Task
You are asked to reproduce the listing exactly and to omit its pictures.

==*==

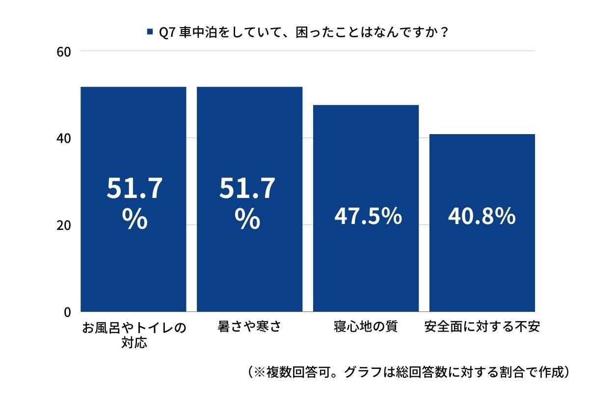 ◆車中泊で困ったこと1位は「お風呂やトイレの対応」と「暑さと寒さ」
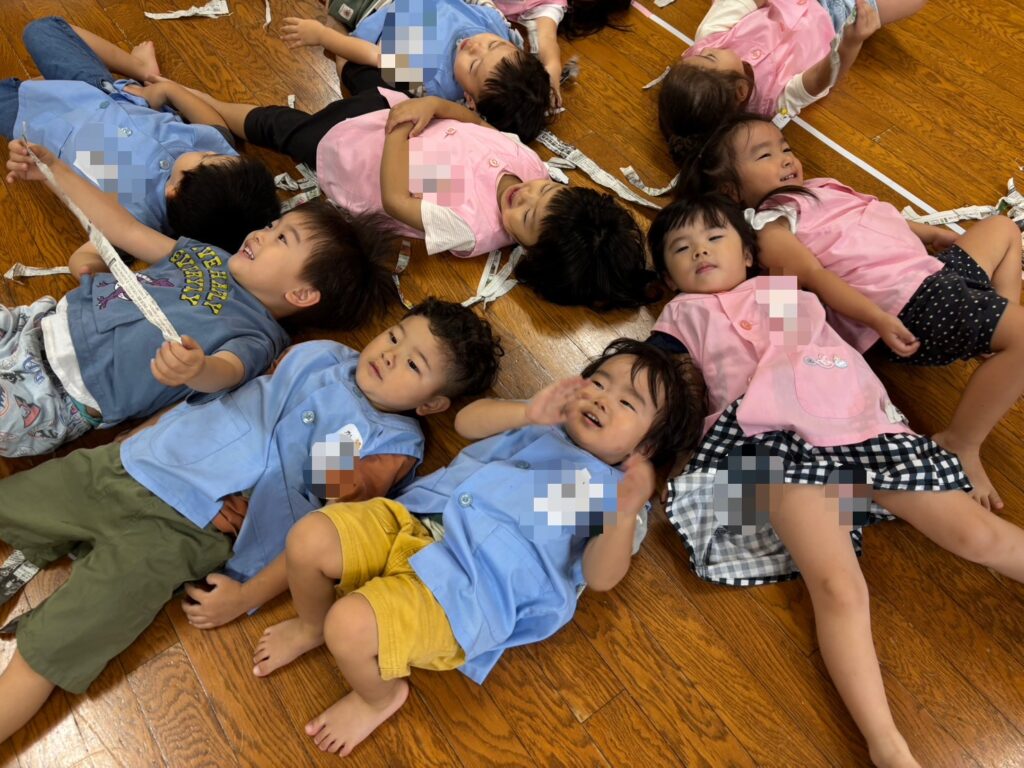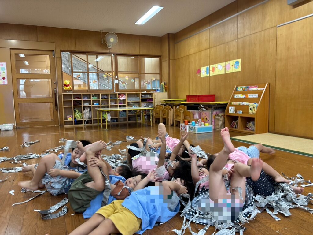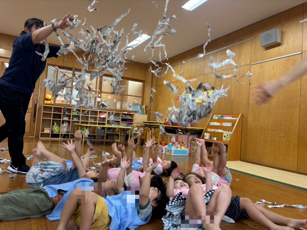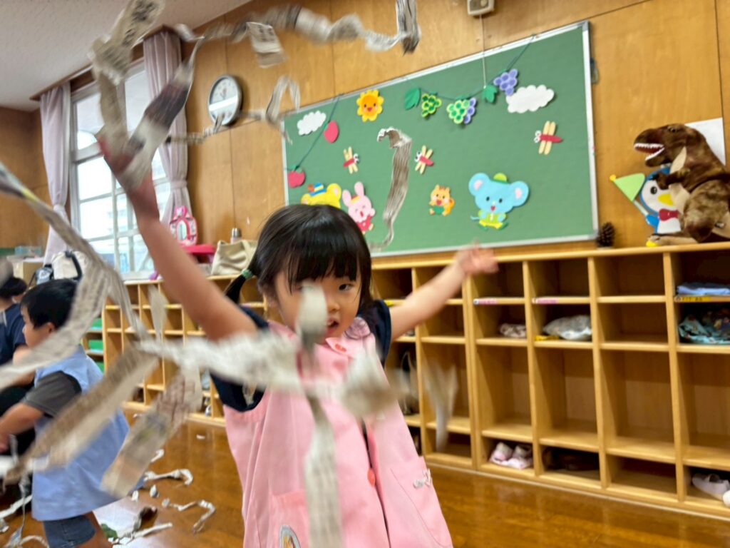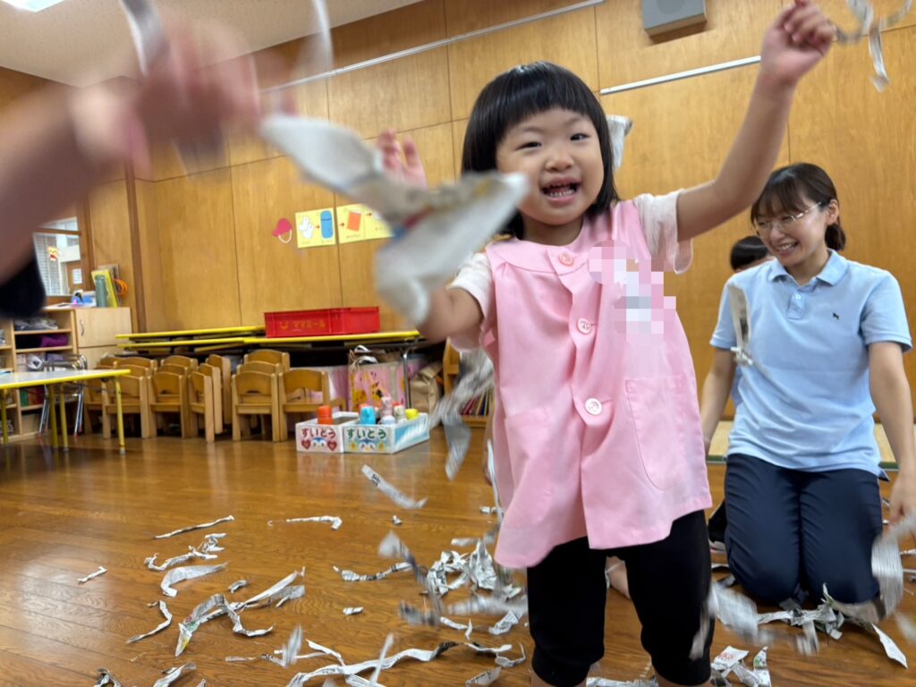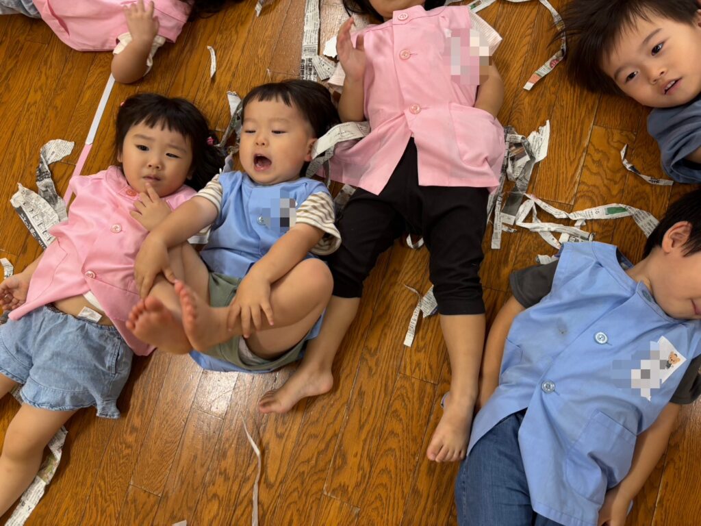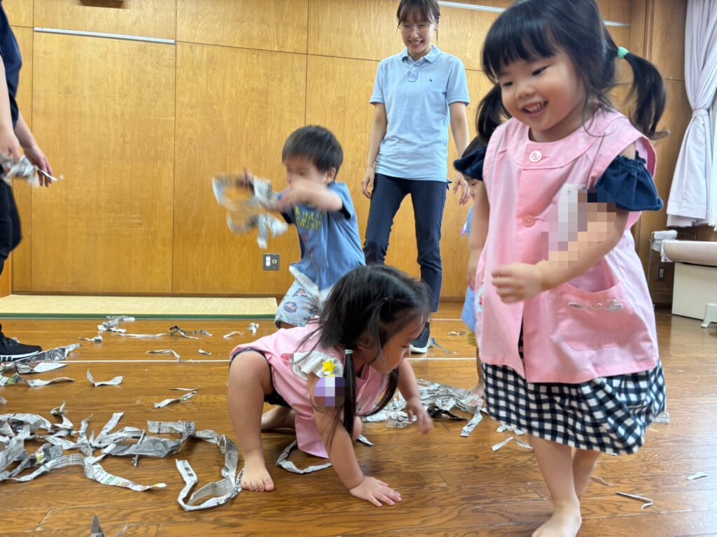 投稿日: 2025年10月28日2025年10月28日 投稿者: 投稿者新聞紙あそび📰(ぺんぎんさん) 新聞紙で遊びました☺️広げるとお友達の体くらいに大きな新聞紙を細くちぎって「へびさん!」「ちゅるちゅるらーめん🍜」と大盛り上がりでしたよ! 上から降ってくる新聞紙の雨を夢中で追いかける姿が可愛らしかったです🩷
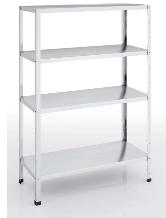 Ce rayonnage en inox est équipé de 4 étagères et de 4 montants avec un réglage de la hauteur des étagères tous les 150 mm.
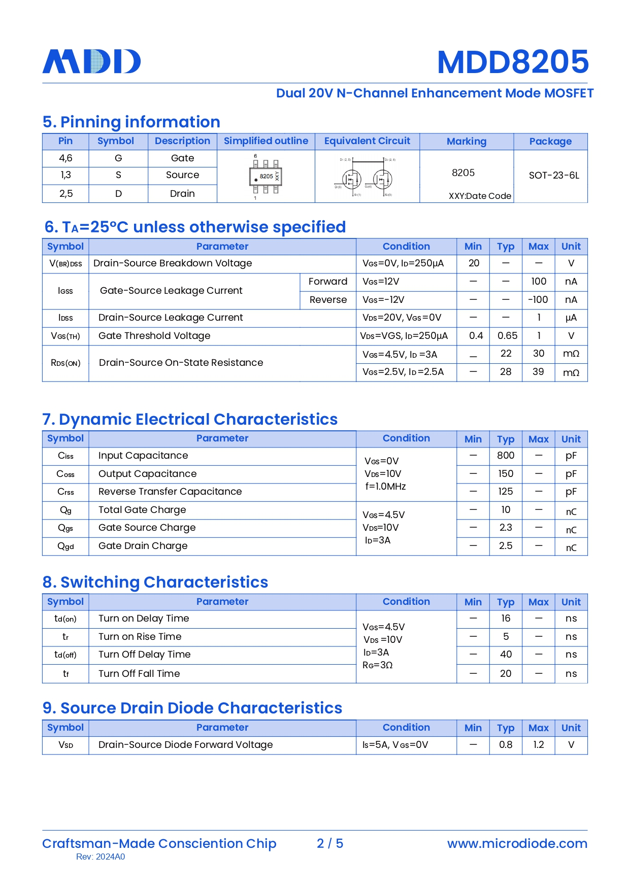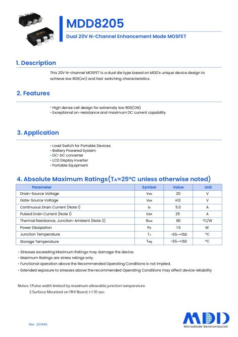 MDD8205是一款20V双 N沟道MOS,采用SOT-23-6L封装,在20V耐压下实现极低导通电阻(RDS(on))与超快开关速度。其专为严苛负载场景优化,兼顾高电流承载与微型封装,成为高效率、高可靠性设计的理想选择。
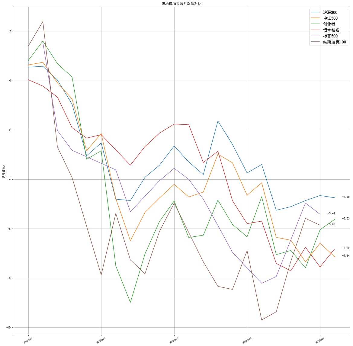 本月市场大幅回调。三地市场宽基指数均产生了超过5%的下跌,市场在经历很高的涨幅且横盘一段时间后终于选择了向下的方向。
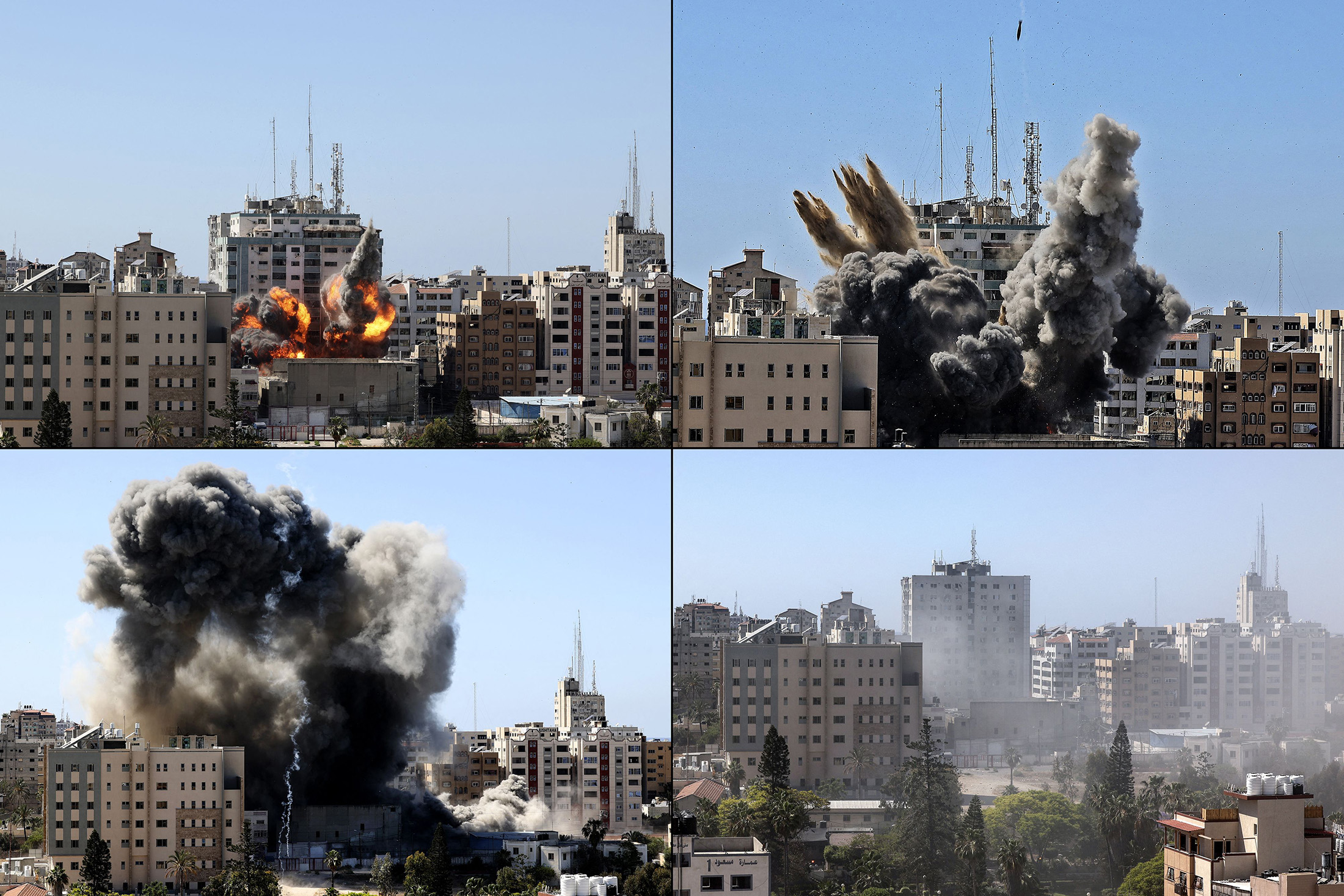 加拉塔(The Jala Tower),为加沙地区为全球记者提供住宿的地方,被以色列军方空袭,于5月15日,并轰然倒塌。以色列称,他们已经证实哈马斯在塔内进行许多(后方)操作,现在只是让这件事情公之于众。 照片由记者Mahmud Hams提供。

==*==

Response below
 ◆車中泊で困ったこと1位は「お風呂やトイレの対応」と「暑さと寒さ」
 投稿日: 2025年10月28日2025年10月28日 投稿者: 投稿者新聞紙あそび📰(ぺんぎんさん) 新聞紙で遊びました☺️広げるとお友達の体くらいに大きな新聞紙を細くちぎって「へびさん!」「ちゅるちゅるらーめん🍜」と大盛り上がりでしたよ! 上から降ってくる新聞紙の雨を夢中で追いかける姿が可愛らしかったです🩷
 Ce rayonnage en inox est équipé de 4 étagères et de 4 montants avec un réglage de la hauteur des étagères tous les 150 mm.
 MDD8205是一款20V双 N沟道MOS,采用SOT-23-6L封装,在20V耐压下实现极低导通电阻(RDS(on))与超快开关速度。其专为严苛负载场景优化,兼顾高电流承载与微型封装,成为高效率、高可靠性设计的理想选择。
 本月市场大幅回调。三地市场宽基指数均产生了超过5%的下跌,市场在经历很高的涨幅且横盘一段时间后终于选择了向下的方向。
 加拉塔(The Jala Tower),为加沙地区为全球记者提供住宿的地方,被以色列军方空袭,于5月15日,并轰然倒塌。以色列称,他们已经证实哈马斯在塔内进行许多(后方)操作,现在只是让这件事情公之于众。 照片由记者Mahmud Hams提供。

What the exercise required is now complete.